To suggest that if theism is not true then the opposite of theism is true is
to make the same mistake. Every human attempt to define God is nothing more
than a human attempt to define the human experience of the divine. We can
never tell who God is or who God is not. We can only tell another of what we
believe our experience of God has been. Even then we have to face the
possibility that all of our God talk may be delusional.

When I try to talk of God, I am only talking of my God experience. That is
not what God is, that is only what I believe my experience of God to be.

I do not experience God as a supernatural power, external to life invading
my world in supernatural power. I see no evidence to think this definition
is real. The problem is that most people have most deeply identified this
definition of God with God that when this definition dies the victim of
expanded knowledge, we think that God has died.

I am not trying to form a new definition. I am only trying to share an
experience. In my human self-consciousness at both the depth of life and on
the edges of consciousness, I believe I encounter a transcendent other. In
that encounter, I experience expanded life, the increased ability to love
and a new dimension of what it means to be.
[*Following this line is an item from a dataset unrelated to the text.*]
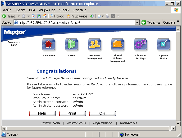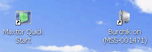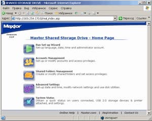 Для начала работы с H01P200 после его присоединения к локальной сети и включения питания потребуется установить с Quick Start CD управляющую утилиту. После этого на рабочем столе появляются два ярлыка Maxtor Quick Start для управления сетевым винчестером и ссылка на сам H01P200 (см. рис.).
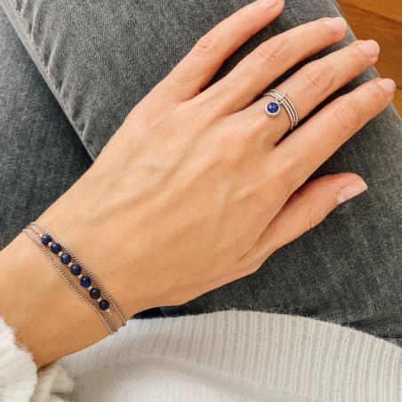 Bracelet triple acier avec lapis-lazuli réglable de 16 à 19 cm

I call that experience God and
that experience leads me to say that if I meet God in expanded life, God
becomes for me the source of life. If I meet God in the enhanced ability to
love, God becomes for me the source of love. If I meet God in an increased
ability to be all that I am, God becomes for me the ground of being.
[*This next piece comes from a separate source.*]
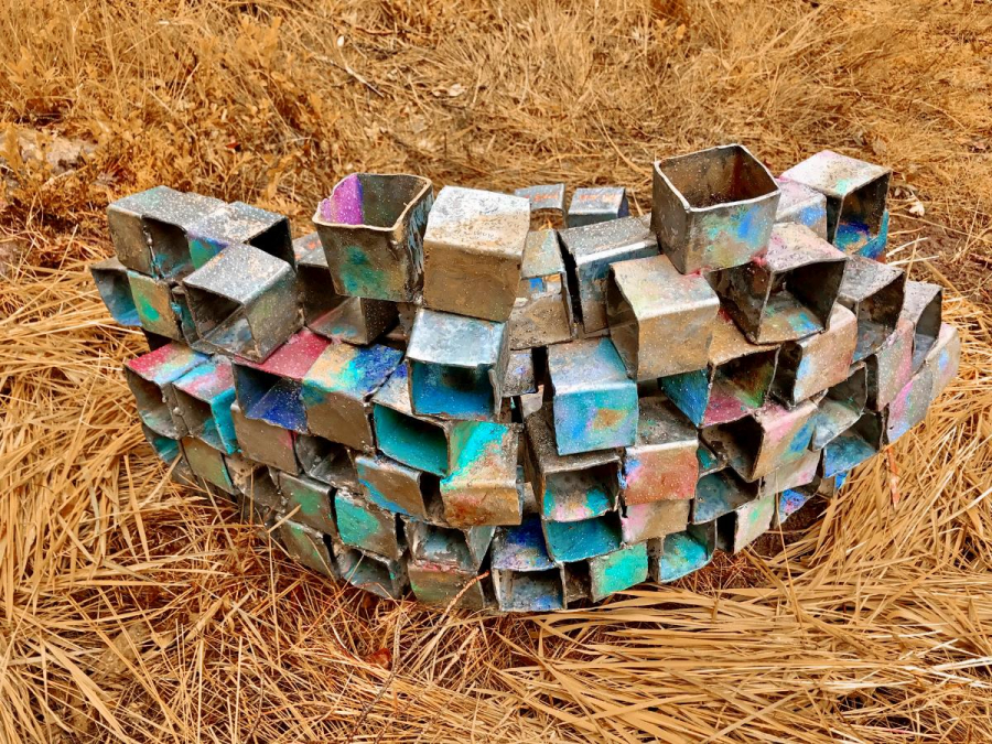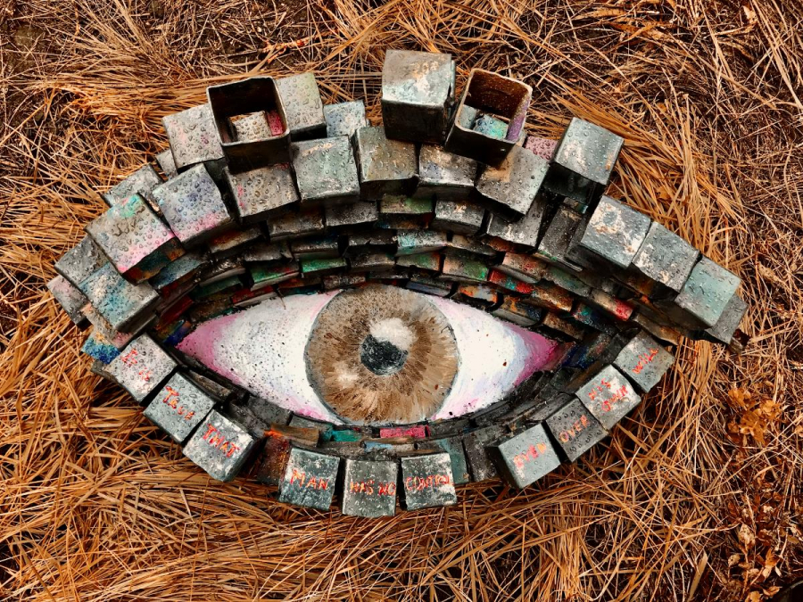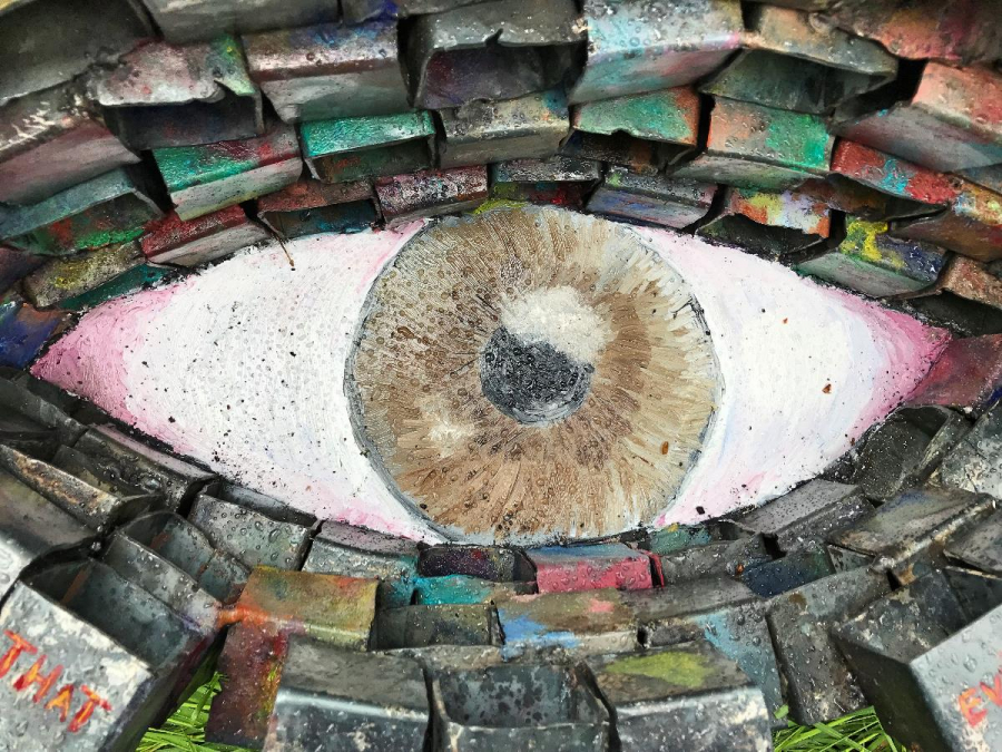 Bizarre, unique and eye grabbing are the words that my memorial sign represents but there is more hidden in the colours, the structure and the open eye. There are cubes surrounding the eye and creating an architectural feeling, that captures the space. The colours on the cubes blend with the surroundings like a chameleon and furthermore the eye becomes a bizarre part of the nature. It is there to show that no-one is truly gone, peeking trough the ground, watching over the people he cares about…

I can talk about my experience. Having only a human means of communication I
cannot really talk about God. Horses can experience a human being entering
their horse consciousness, but a horse could never tell another horse what
it means to be human. Somehow human beings have never quite embraced that
fact that this is also true about the human being's knowledge of God.

I do not know how God acts therefore I can never say how God acts. For me to
say God is unable to intervene would be to say more than I know. For me to
explain how God intervenes or why God does not intervene is to claim
knowledge of God that is not mine.

I test my experience daily in the light of evolving human language. The
result of that is that every day I believe in God more deeply, while at the
same time, every day I seem to have less and less beliefs about God. Human
beings seem almost incapable of embracing mystery, especially ultimate
mystery. I am content to walk daily with the mystery of God. I walk past
road maps, past religious systems, even my own but never beyond the mystery
of God. I suppose that makes me a mystic, but an uncomfortable, never
satisfied, always-evolving one.

I find great meaning and great power in this approach. I commend it to you.
Thank you for your super letter.

-- John Shelby Spong

I live in a suburb NE of Atlanta and my county library system had just about every one of Bishop Spong's books and multiple copies of each, at that.

As for my lion icon, I am, of course, referring to the hatemongering so-called Christians who need to act and speak more like Christ and less like the Christians they have become. I made the icon from clip art and anyone is welcome to use it and spread it around. I have a larger non-icon version of it, too, if anyone is interested.  In my galleries and my userpics, I've identified which items I made for myself and the various communities of which I'm a member.  Anyone may copy and use anything I've made.